■ **REQUIRED WORK**: Go through the listing and set it down exactly, leaving out its pictures.

____ MATERIAL FOR THIS EXERCISE

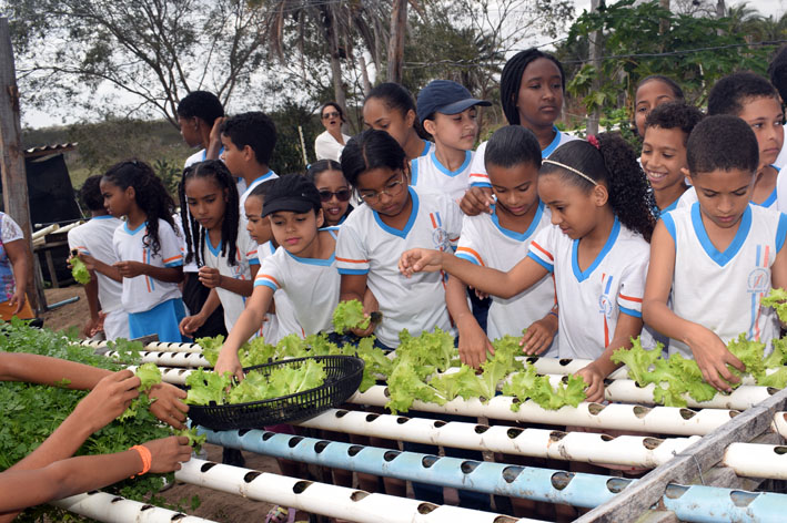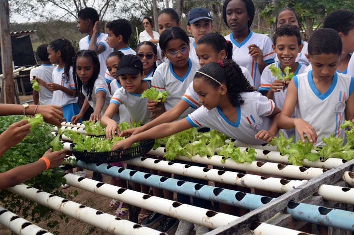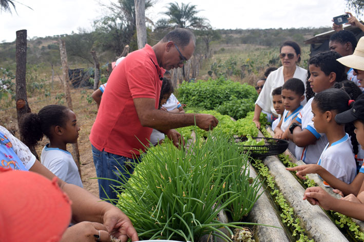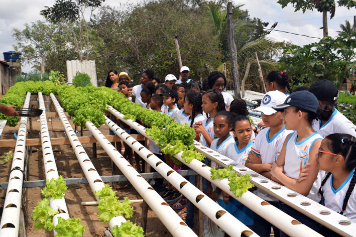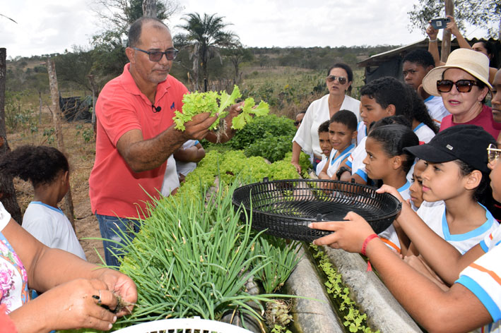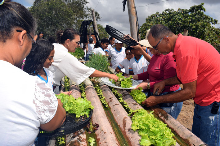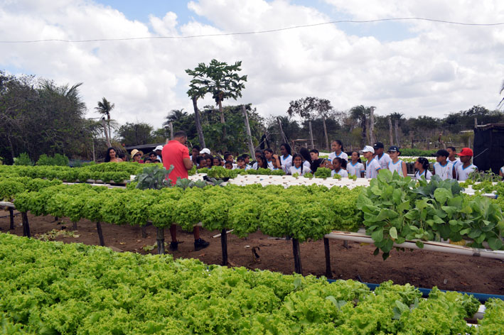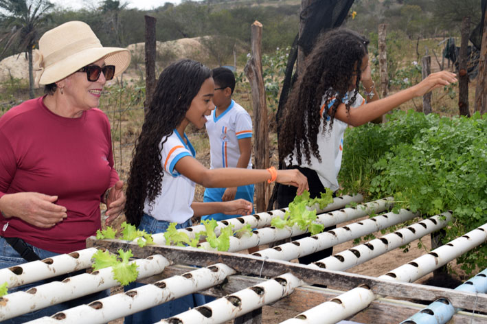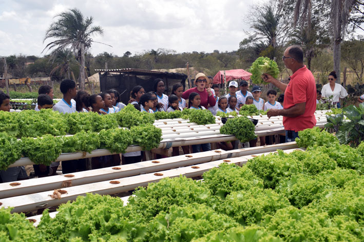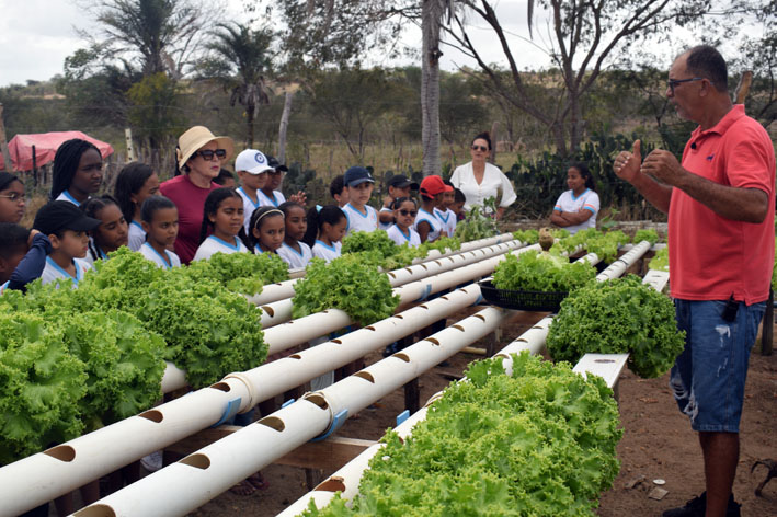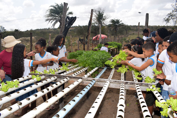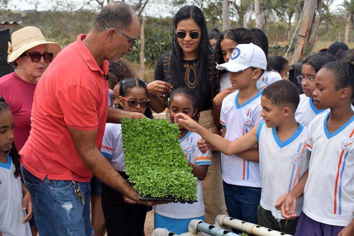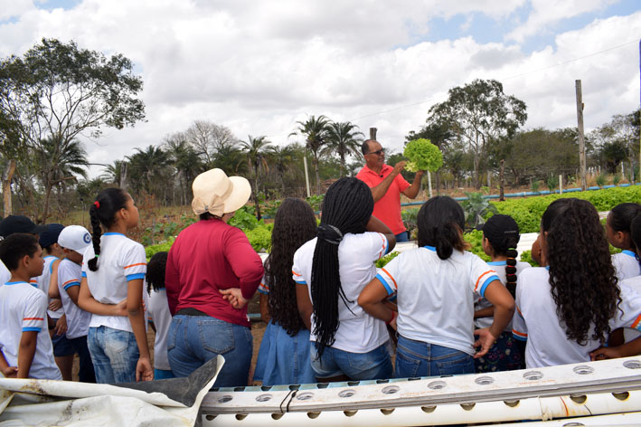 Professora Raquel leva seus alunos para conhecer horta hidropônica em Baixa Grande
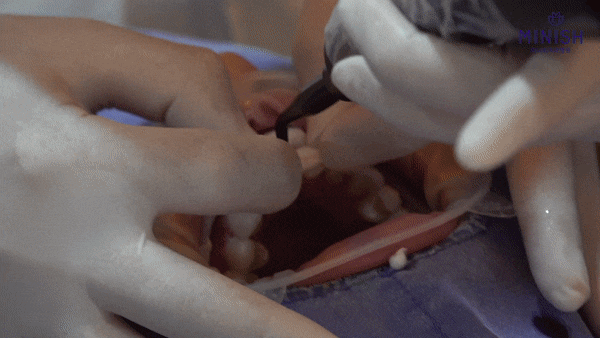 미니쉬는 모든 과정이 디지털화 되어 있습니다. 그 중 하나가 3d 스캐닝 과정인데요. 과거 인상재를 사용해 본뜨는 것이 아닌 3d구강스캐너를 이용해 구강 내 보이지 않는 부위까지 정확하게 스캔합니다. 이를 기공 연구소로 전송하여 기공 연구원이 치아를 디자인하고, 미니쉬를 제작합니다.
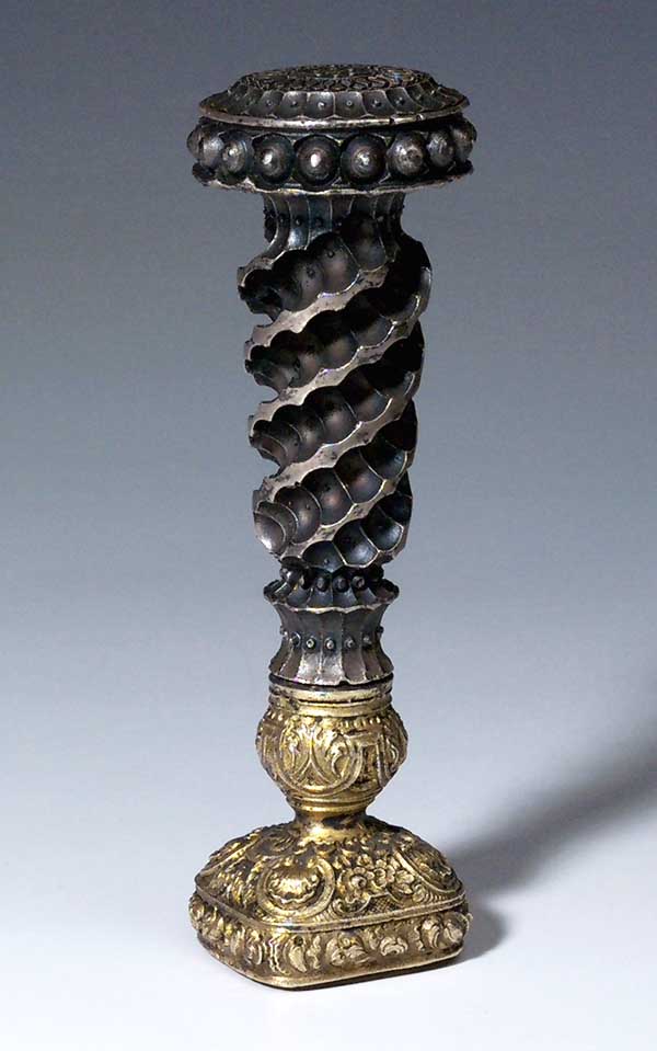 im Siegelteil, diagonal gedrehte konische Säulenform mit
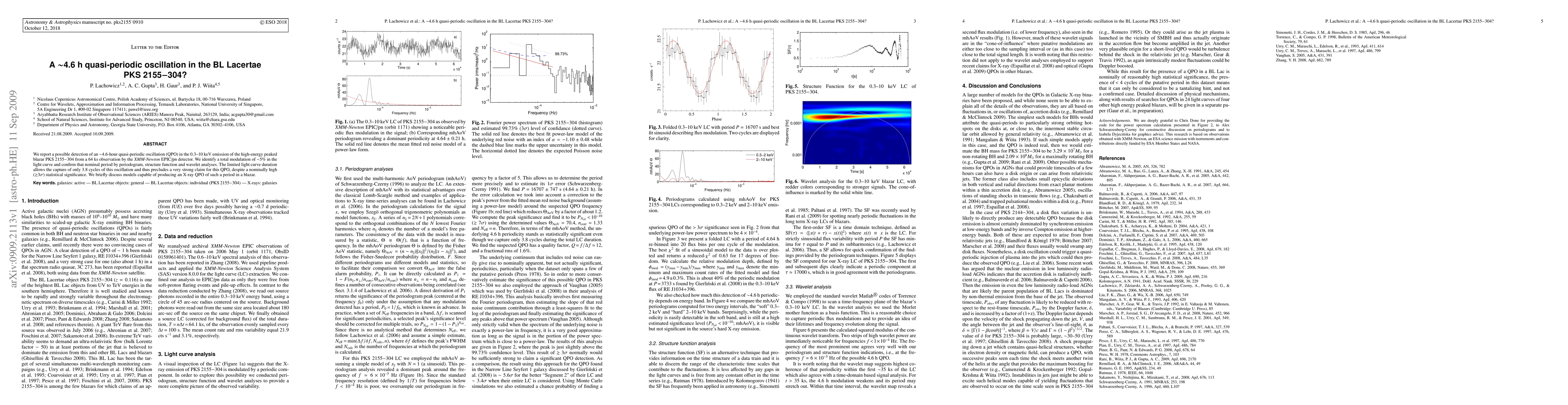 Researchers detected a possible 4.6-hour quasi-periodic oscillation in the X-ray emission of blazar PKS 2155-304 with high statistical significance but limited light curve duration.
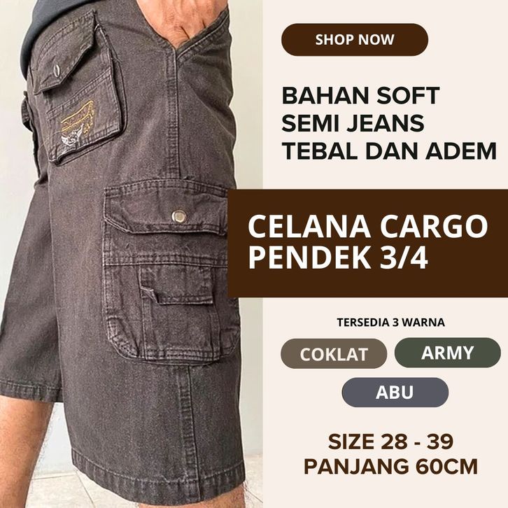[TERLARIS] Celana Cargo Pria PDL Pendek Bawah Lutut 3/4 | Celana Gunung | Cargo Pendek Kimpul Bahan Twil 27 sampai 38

________

■ **FINISHED TASK**:
 Professora Raquel leva seus alunos para conhecer horta hidropônica em Baixa Grande
 미니쉬는 모든 과정이 디지털화 되어 있습니다. 그 중 하나가 3d 스캐닝 과정인데요. 과거 인상재를 사용해 본뜨는 것이 아닌 3d구강스캐너를 이용해 구강 내 보이지 않는 부위까지 정확하게 스캔합니다. 이를 기공 연구소로 전송하여 기공 연구원이 치아를 디자인하고, 미니쉬를 제작합니다.
 im Siegelteil, diagonal gedrehte konische Säulenform mit
 Researchers detected a possible 4.6-hour quasi-periodic oscillation in the X-ray emission of blazar PKS 2155-304 with high statistical significance but limited light curve duration.
[TERLARIS] Celana Cargo Pria PDL Pendek Bawah Lutut 3/4 | Celana Gunung | Cargo Pendek Kimpul Bahan Twil 27 sampai 38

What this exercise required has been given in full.